:: EXERCISE PROMPT ::
Find the line with "内木場里衣桜さんの画数の鑑定結果" in the records below. Output exactly from there until after the line with "底をくるっと回転させると、ラ", without pictures.

++++ INPUT MATERIAL ++++

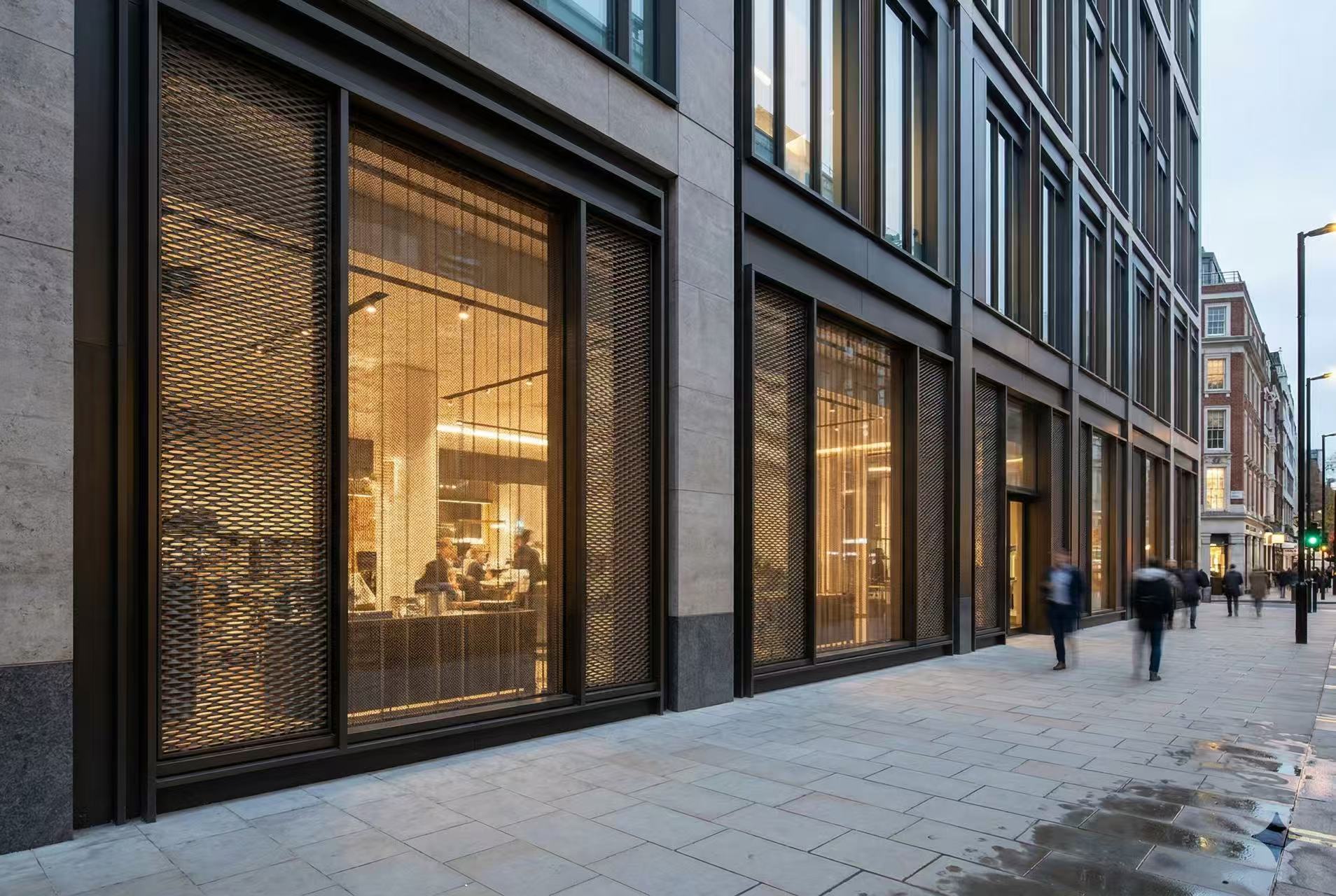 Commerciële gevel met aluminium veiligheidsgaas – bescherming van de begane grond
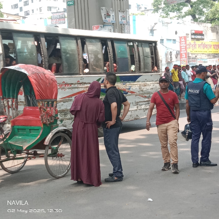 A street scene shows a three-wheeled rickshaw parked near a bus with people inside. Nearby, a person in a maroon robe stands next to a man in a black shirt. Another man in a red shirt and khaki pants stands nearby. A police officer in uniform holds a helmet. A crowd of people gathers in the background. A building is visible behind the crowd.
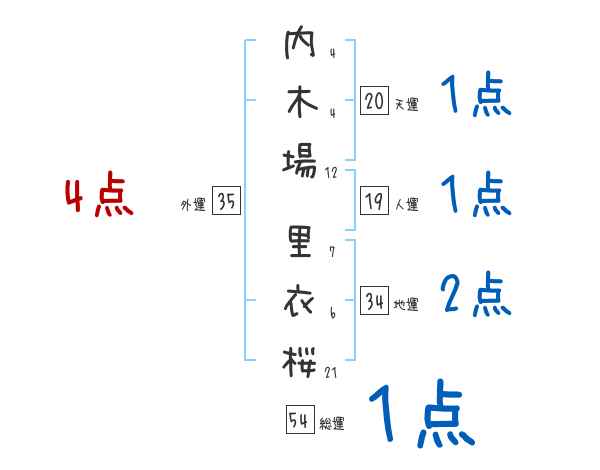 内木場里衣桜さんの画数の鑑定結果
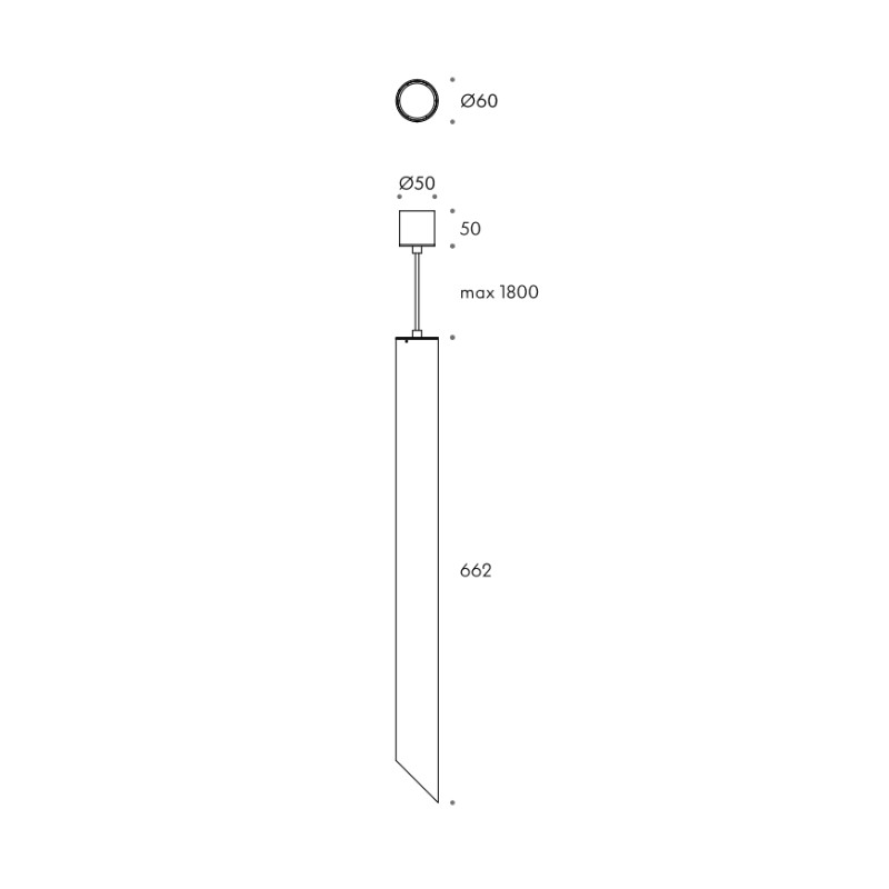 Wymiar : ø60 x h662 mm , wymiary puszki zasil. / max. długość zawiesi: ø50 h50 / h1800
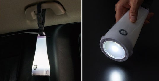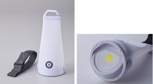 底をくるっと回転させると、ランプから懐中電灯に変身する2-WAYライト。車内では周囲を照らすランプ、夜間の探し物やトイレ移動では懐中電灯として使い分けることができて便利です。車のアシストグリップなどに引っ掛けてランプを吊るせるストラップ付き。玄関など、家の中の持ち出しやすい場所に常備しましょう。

++++
++++ INPUT MATERIAL ++++

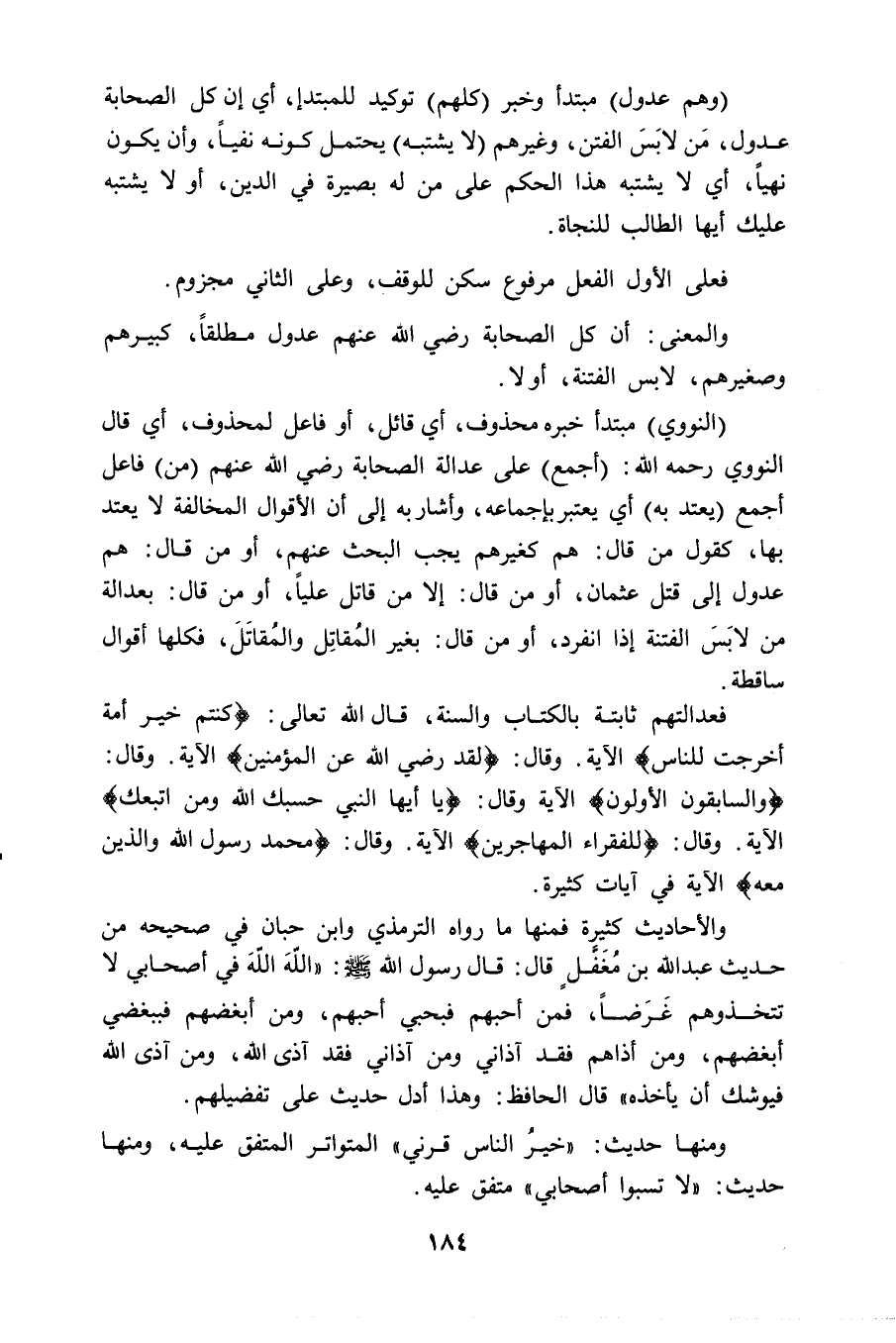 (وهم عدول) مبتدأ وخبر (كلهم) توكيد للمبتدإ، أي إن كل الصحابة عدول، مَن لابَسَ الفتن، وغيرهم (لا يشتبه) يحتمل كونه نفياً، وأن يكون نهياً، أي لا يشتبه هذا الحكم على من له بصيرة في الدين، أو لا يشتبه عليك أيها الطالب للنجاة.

++++

:: OUTPUT BELOW ::
 内木場里衣桜さんの画数の鑑定結果
 Wymiar : ø60 x h662 mm , wymiary puszki zasil. / max. długość zawiesi: ø50 h50 / h1800
 底をくるっと回転させると、ランプから懐中電灯に変身する2-WAYライト。車内では周囲を照らすランプ、夜間の探し物やトイレ移動では懐中電灯として使い分けることができて便利です。車のアシストグリップなどに引っ掛けてランプを吊るせるストラップ付き。玄関など、家の中の持ち出しやすい場所に常備しましょう。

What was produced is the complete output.